Потом, когда напился Колька, мы сами напились и завалились спать.
Когда я засыпал, подумал: здешний папоротник пахнет так же, как пахнет папоротник в нашем лесу, что растет недалеко от моей родной Эсауловки.
Защемило сердце, заболело от тоски по родному хутору.
А тут еще ручей — бежал по камням и звонил. Барабанил. Совсем как у нас в овраге…
Меня разбудил голод.
Все гудел и гудел за стеной ручей.
От распаренного папоротника почему-то запахло горячими пышками, испеченными в русской печи, взбрызнутыми водой с чесноком и помазанными подсолнечным маслом…
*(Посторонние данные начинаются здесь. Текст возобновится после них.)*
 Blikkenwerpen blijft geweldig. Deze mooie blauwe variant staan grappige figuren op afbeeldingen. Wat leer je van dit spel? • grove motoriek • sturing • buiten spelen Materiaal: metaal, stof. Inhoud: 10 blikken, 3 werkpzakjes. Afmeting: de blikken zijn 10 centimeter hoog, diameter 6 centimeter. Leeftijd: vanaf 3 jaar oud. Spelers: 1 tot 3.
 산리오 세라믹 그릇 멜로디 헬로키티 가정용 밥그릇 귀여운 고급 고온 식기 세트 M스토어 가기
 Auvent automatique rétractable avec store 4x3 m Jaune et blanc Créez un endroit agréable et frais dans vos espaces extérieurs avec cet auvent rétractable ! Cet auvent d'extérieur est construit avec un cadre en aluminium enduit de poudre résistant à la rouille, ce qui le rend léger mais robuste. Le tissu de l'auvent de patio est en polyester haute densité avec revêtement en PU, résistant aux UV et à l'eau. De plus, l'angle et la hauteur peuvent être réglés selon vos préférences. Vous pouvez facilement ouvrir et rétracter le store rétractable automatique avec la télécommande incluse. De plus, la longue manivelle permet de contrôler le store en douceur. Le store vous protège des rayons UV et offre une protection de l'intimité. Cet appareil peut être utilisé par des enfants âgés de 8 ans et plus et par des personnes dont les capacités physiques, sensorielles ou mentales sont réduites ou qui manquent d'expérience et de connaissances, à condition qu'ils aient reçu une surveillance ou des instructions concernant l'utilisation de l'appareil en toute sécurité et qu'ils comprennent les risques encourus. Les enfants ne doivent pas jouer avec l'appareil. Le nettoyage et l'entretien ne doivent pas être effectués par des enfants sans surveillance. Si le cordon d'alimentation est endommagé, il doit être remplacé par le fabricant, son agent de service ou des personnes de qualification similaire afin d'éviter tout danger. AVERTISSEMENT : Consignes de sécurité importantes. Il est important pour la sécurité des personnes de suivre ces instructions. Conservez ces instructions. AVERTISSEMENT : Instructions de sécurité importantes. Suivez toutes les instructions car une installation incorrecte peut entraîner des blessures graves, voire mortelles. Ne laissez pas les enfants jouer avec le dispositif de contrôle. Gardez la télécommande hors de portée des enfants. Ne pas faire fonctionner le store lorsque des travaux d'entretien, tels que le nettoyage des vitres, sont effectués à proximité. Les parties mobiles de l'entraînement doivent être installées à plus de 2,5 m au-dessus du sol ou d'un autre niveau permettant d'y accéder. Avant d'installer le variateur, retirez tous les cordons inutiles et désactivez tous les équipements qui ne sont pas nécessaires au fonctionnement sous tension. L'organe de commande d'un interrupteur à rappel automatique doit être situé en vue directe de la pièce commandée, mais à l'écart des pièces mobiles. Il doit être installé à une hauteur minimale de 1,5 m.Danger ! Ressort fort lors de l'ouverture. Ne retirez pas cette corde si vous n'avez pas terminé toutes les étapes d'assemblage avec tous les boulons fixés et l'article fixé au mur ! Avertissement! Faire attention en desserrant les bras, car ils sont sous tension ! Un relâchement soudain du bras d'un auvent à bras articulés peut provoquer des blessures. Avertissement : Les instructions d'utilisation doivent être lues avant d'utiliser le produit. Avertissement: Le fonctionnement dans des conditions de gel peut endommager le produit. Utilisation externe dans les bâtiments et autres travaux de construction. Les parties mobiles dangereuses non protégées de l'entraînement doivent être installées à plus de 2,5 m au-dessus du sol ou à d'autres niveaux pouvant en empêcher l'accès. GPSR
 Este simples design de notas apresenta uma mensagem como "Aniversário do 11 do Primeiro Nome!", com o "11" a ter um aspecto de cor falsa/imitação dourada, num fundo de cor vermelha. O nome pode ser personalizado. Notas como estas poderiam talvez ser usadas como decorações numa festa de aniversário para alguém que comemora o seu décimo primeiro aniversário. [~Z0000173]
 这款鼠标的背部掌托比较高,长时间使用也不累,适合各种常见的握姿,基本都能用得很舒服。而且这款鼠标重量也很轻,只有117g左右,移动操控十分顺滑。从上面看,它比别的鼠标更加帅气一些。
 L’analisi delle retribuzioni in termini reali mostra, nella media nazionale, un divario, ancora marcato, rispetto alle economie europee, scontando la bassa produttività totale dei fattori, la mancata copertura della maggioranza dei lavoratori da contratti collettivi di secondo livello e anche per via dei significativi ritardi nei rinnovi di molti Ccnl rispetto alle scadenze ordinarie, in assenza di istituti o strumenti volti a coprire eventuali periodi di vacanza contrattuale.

Я чуть не захлебнулся слюной.
Вчера, когда нас мучила усталость, терзал холод, до смерти хотелось спать, голод в этой сутолоке лиха был равным среди равных и даже как-то стушевывался. А вот теперь, когда я выспался в тепле, отдохнул, голод стал единственным, самым главным в моей судьбе, в моем сегодня и завтра.
Я открыл глаза.
На улице еще было темно. По потолку и стенам бегали красные всполохи пламени, которые вырывались из приоткрытой дверцы печки.
Владимир сидел на полу, скрестив по-турецки ноги, курил трубку и пускал дым в пылающую щель печки. Кудлатая голова, густая и окладистая борода, крючковатый нос, трубка во рту — ни дать ни взять вождь какого-то дикого племени.
Володька, должно быть, думал о предстоящем нам тринадцатом дне, и дума эта, похоже, была нелегкой. А может быть, ему виделась Грузия с замками и храмами на холмах, медовые луга? И он тосковал по ним, скрывая тоску за внешней свирепостью.
Я осторожно, чтобы не потревожить Владимира, приподнялся, оперся плечом о стенку.
Посмотрел на Николая.
Большой, рыхлый, он разомлел в тепле, разметал руки и ноги по папоротнику и был похож на мальчишку, который до упаду наигрался, набегался с товарищами, а теперь спал, как говорится, без задних ног.
Конечно, мальчишка. На войну добровольцем ушел прямо из школы. И вихры мальчишеские, и борода реденькая, почти не заметная, и губы — припухшие, детские.